Find out exactly what to charge as a freelancer. Enter your desired take-home, expenses, tax rate, and billable hours to calculate your minimum viable hourly and daily rate.
Add your desired take-home income to business expenses, then gross up for tax. Divide by your annual billable hours. Minimum rate = (Take-home + Expenses) / (1 - Tax rate) / Billable hours.
The minimum rate is just break-even. Add 20-30% buffer for: negotiations (clients always try to lower price), slow months, unpaid invoices, unexpected expenses, and profit for business growth.
Most freelancers bill 20-30 hours out of a 40-hour week. The rest goes to sales, admin, accounting, networking, and skill development. Assuming 40 billable hours leads to serious undercharging.
Project pricing is usually better for experienced freelancers — you earn more as you get faster. Hourly is better when scope is unclear. Value-based pricing (charging based on client ROI) is the most profitable approach.
Rates vary widely by skill. Web developers: Rs 500-3,000/hr. Content writers: Rs 200-1,500/hr. Designers: Rs 500-2,500/hr. Business consultants: Rs 2,000-10,000/hr. International clients often pay significantly more.
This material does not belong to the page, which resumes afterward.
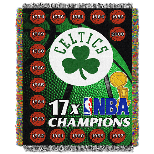 Boston Celtics Commemorative Series Throw by The Northwest Company is perfect to use as a thow or to hang as a decorative tapestry and features the successes of the organization. The Commemorative Series Throw is 48”x 60”, 100% Polyester, and machine washable.

Freelancers can file under Section 44ADA (presumptive taxation) if income is under Rs 50 lakh — you declare 50% of gross as profit and pay tax on that. Above Rs 50 lakh, maintain proper accounts and claim actual expenses.
Software subscriptions, internet, equipment, home office proportion, travel for client meetings, professional development, and marketing costs. Keep receipts — deductions directly reduce taxable income.